▶ [Source information]
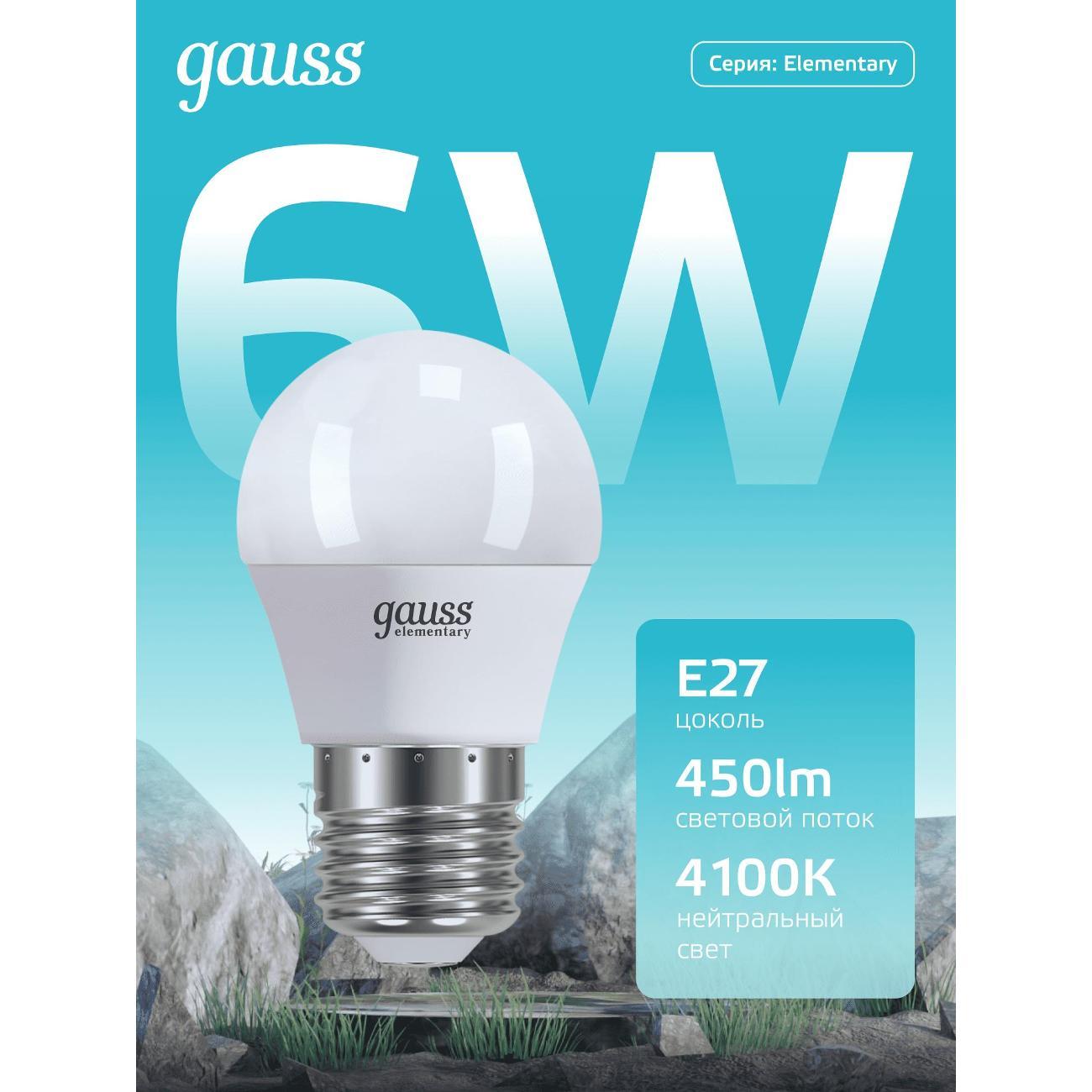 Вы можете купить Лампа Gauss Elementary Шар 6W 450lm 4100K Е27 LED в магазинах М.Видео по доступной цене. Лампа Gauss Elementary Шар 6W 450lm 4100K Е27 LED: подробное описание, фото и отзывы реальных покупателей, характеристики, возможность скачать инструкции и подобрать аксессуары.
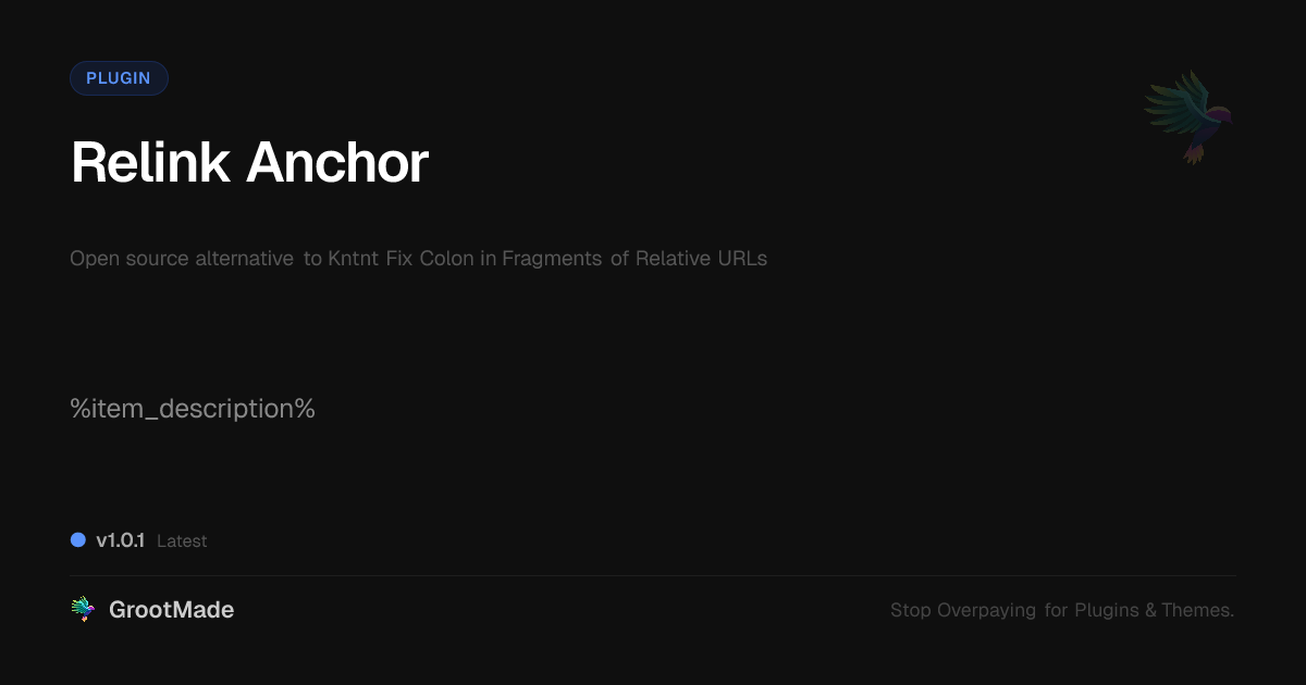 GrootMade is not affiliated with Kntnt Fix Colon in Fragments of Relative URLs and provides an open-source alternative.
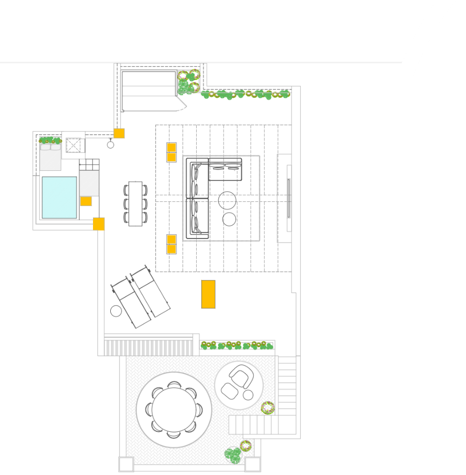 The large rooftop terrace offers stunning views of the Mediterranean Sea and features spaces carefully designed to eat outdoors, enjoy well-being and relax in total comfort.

---

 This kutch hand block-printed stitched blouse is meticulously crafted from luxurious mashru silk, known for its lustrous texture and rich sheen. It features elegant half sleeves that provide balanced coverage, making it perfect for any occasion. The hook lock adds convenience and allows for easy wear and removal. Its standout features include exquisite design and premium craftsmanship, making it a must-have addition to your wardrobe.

▶ [What to produce] Look above for the line containing "Вы можете купить", then write out every line from there down to the line containing "The large rooftop", that line included, with no pictures.

▶ [Exercise answer]
 Вы можете купить Лампа Gauss Elementary Шар 6W 450lm 4100K Е27 LED в магазинах М.Видео по доступной цене. Лампа Gauss Elementary Шар 6W 450lm 4100K Е27 LED: подробное описание, фото и отзывы реальных покупателей, характеристики, возможность скачать инструкции и подобрать аксессуары.
 GrootMade is not affiliated with Kntnt Fix Colon in Fragments of Relative URLs and provides an open-source alternative.
 The large rooftop terrace offers stunning views of the Mediterranean Sea and features spaces carefully designed to eat outdoors, enjoy well-being and relax in total comfort.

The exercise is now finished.